Countercurrent Multiplication The stable osmotic gradient in the renal medulla is only possible because all of the following are true: 1.Descending limb of loop of Henle is highly permeable to salt and water 2.Ascending limb of loop of Henle has highly active sodium pump 3.The two limbs of the loop of Henle are close to each other 4.Fluid flows in opposite directions in the two limbs 5.Blood flow in the vasa recta is sluggish Interacting fluids flowing in opposite directions in parallel pipes is called countercurrent flow. The mechanism by which an osmotic gradient is created in the renal medulla is called the countercurrent mechanism
So what? The osmotic gradient created by only 20% of the nephrons is passed through by every collecting duct. If collecting ducts are very permeable to water, they’ll lose about 75% of the volume in them and will become 1200 mOsm instead of 310 mOsm. If collecting ducts are impermeable to water, the fluid leaving them (urine) will have the same volume and osmolarity as the fluid that entered them (about 310 mOsm). Therefore, if there was a way to control collecting duct permeability to water, we could control volume of fluid lost in urine (and, as an incidental effect, the urine osmolarity) Good news! There is a way to do it.
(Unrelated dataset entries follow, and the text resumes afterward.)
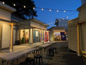 (暴風雨で提灯が破損してなくなってるものの、)電灯の明かりが結構いい感じ。
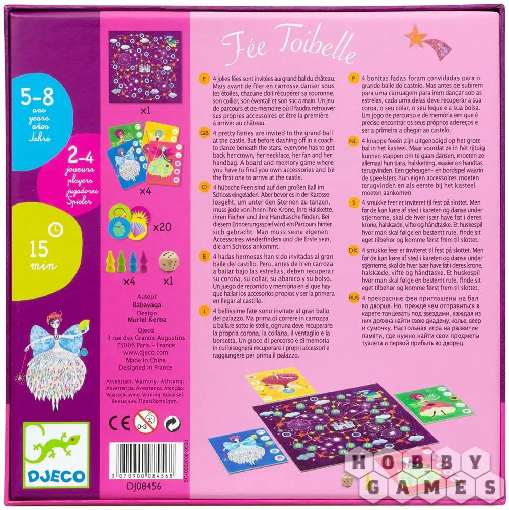 Игра-бродилка Fee Toibelle порадует маленьких фей. В ней нужно первой добраться на бал в замке, добыть по пути необходимые аксессуары к платью и найти карету. В коробке с игрой вы найдёте игровое поле, по которому предстоит передвигаться, жетоны аксессуаров и карет, карточки и фишки для фей и игральный кубик. Перед началом партии каждая участница выбирает себе фею, за которую будет играть, а на игровом поле раскладываются жетончики.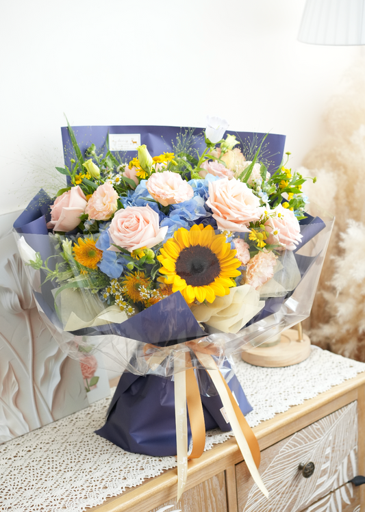FQ014- 自家染藍康乃馨、太陽花黃玫瑰花束|畢業花束|生日花束|感恩花束|升職榮休花束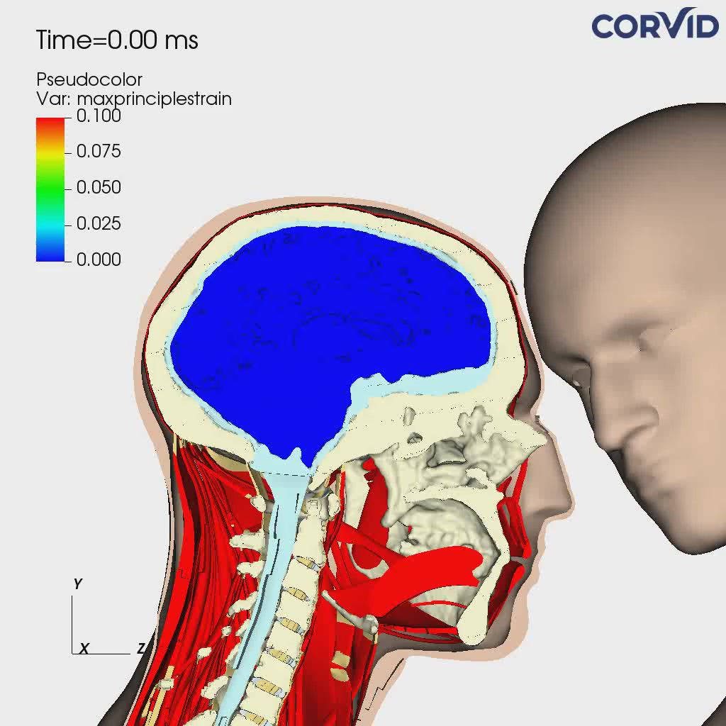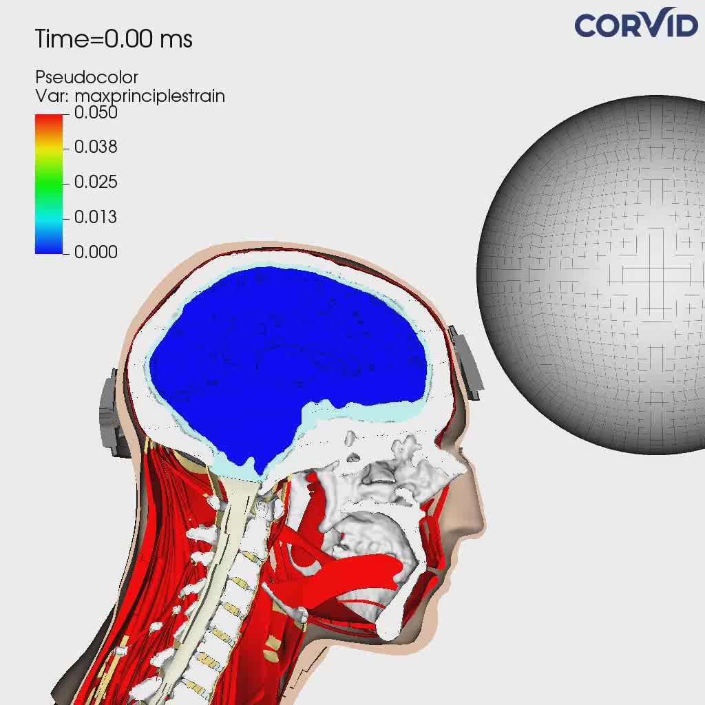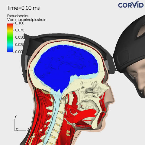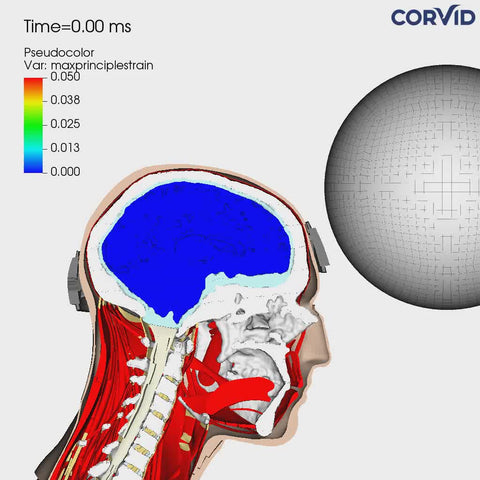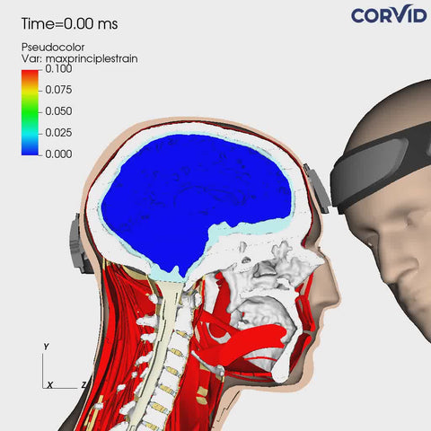 A world first virtual simulation for football utilizing real-life brains, deriving from MRI scans, of NCAA Division 1 athletes to analyze head impact events and measure brain strain with and without the use of SYZMIK Headgear.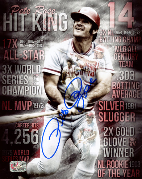 - Pete Rose Autographed 8x10 Photo Cincinnati Reds Hit King PR Holo Stock #229037 $69Unit price /Unavailable
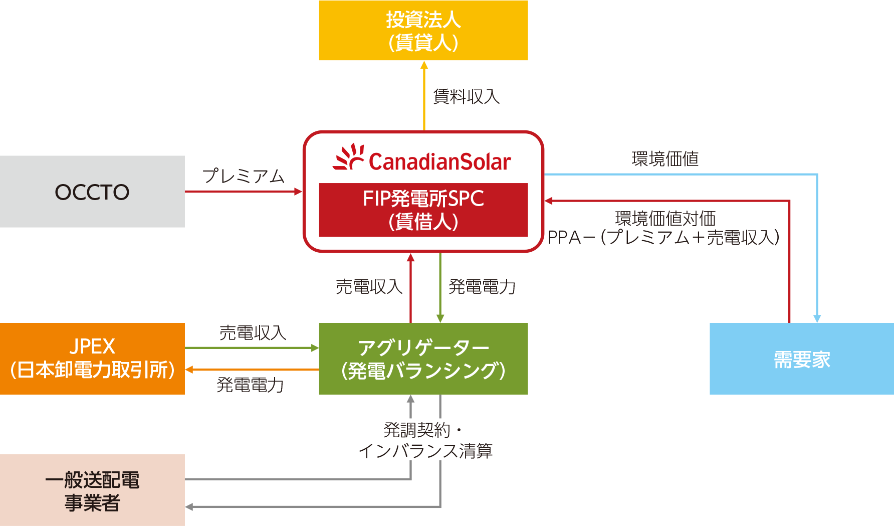 FIP発電所SPC、アグリゲーター及び需要家間の契約により、コーポレートPPAスキームが構成され、それらの契約から生じるFIPプレミアム、売電収益、環境価値対価などを源泉として投資法人の賃料収入が担保されます。
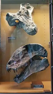 | Скам'янілий череп двох сфенакодонтид: Clelandina (Therapsida, Gorgonopsidae) та Dimetrodon (Sphenacodontidae). | |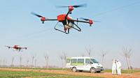 2月26日,陜西渭南臨渭區三張鎮油張村麥田,病蟲害防治專業技術人員操作植保無人機進行小麥春季化學除草作業。

Antidiuretic Hormone Remember the hypothalamus? It has osmoreceptors that monitor the osmolarity of plasma. When plasma osmolarity is above normal (during dehydration), the osmoreceptors secrete a hormone, antidiuretic hormone (= ADH). Antidiuresis = reduced urine production. ADH increases collecting duct water permeability, thus, more water reabsorption. Result is lower volume of more concentrated (darker) urine. Low ADH levels let collecting ducts remain pretty impermeable to water. Hence, larger volumes of urine, which is more dilute. This is the most important mechanism for regulating extracellular fluid volume, which is how we regulate arterial pressure over the long term.